A revolutionary method called carbon-in-pulp (CIP) processing changed how miners extracted the gold ore from a cyanide mix.
In other words, suddenly the hard-to-get gold was a lot easier to get out of the dirt.
Low-grade gold deposits that had been uneconomical in the 1960s were viable 20 years later.
These deposits were located nearby the original easy gold deposits of the 1890s. New exploration wasn’t needed because the new technology enabled them just to revive old mines.
Even though it’s been in use for almost 50 years, CIP drastically altered Australia’s gold mining fortunes.
This technology not only transformed what could or couldn’t be mined, it set Australia up to become the dominant supplier of gold it is today.
The road to automation is just the start
Driverless trucks and headsets may seem futuristic now, but the mining sector in 2020 is going to look completely different by the end of 2030.
Given how inefficient mining operations are, automation is a welcome innovation to keep a lid on costs.
But much like the CIP process, a high tech mine isn’t just about how many robots are inside.
London-listed Rio Tinto Plc (LSE:RIO), for example, is looking into using bacteria to extract more copper from waste rock.
If this works, it has many benefits for miners.
It means more metal from waste as well as less minerals oxidising in the tailings and reducing the risk of contamination with ground water. Less delays and costs in opening up new pits or a new mine.
And much like the CIP process, early tests show that using bacteria works on very-low-grade copper deposits. That is critical given how much of the stuff we’ll need in the future.
Many years ago, I interviewed Rob McEwen the founder of Gold Corp (now owned by Barrick Gold).
One of the things he was most passionate about was mining’s automated direction.

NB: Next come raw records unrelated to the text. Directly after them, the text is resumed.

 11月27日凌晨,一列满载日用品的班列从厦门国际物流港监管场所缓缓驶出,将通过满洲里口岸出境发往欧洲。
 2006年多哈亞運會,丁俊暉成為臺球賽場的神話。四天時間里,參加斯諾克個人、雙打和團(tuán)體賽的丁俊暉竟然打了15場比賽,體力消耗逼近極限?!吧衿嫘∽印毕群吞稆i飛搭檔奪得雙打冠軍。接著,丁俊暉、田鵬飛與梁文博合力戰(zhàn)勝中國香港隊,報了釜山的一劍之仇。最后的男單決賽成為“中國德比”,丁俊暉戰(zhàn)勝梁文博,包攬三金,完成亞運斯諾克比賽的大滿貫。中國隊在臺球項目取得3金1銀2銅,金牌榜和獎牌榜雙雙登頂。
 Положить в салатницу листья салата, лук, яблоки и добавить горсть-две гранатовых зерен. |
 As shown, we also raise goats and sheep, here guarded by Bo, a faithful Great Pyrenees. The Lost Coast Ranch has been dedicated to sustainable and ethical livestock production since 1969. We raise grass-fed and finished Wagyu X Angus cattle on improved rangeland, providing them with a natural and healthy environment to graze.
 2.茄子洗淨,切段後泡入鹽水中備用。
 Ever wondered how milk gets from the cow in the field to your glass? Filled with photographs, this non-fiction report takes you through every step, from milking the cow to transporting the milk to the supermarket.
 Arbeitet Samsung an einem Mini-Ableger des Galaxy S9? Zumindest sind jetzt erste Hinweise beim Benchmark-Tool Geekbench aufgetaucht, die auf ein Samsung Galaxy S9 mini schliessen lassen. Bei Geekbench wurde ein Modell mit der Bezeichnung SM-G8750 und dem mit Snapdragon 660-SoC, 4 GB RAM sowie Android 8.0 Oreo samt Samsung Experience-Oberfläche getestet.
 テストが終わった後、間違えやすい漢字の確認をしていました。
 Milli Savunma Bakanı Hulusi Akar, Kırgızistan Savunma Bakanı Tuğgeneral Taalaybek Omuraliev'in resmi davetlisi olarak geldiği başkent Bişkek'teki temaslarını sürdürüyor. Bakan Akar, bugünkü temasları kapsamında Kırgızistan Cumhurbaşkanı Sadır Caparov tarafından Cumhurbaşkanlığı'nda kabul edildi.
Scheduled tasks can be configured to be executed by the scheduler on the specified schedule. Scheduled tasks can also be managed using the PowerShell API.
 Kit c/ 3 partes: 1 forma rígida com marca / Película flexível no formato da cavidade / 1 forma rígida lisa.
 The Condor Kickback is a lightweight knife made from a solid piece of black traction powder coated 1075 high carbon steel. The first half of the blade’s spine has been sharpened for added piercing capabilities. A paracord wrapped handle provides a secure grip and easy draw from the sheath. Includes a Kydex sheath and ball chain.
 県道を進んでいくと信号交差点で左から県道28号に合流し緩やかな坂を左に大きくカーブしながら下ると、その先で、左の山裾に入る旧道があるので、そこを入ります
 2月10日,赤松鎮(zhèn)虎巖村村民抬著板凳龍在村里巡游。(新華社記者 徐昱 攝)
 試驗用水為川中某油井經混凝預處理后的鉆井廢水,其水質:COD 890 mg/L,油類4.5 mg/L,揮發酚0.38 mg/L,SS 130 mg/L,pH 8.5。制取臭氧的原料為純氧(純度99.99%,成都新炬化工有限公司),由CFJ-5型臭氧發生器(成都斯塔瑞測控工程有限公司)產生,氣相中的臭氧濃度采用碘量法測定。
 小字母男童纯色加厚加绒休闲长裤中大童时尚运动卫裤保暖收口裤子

Though he saw technology taking things much further than where we are today. He reckons that perhaps, many, many years from now we may learn how to create the minerals we need in a lab.
Which isn’t as farfetched has it sounds. We already have diamonds created in a lab which are impossible to tell apart with the naked eye.
And given the utter destruction mining has on the environment, this could be a welcome leap forward.
We’re probably a fair way off being able to mimic the yellow metal.
The important point here is, gone are the days of just digging a big hole where you think there might be something special.
Now, technology is crucial to find not only the best deposit… but how to extract it.
Given we’ve got to dig deeper than ever before to extract the minerals we need, the costs of mining will increase.
Leaps in technology will be vital to be able to get what’s needed.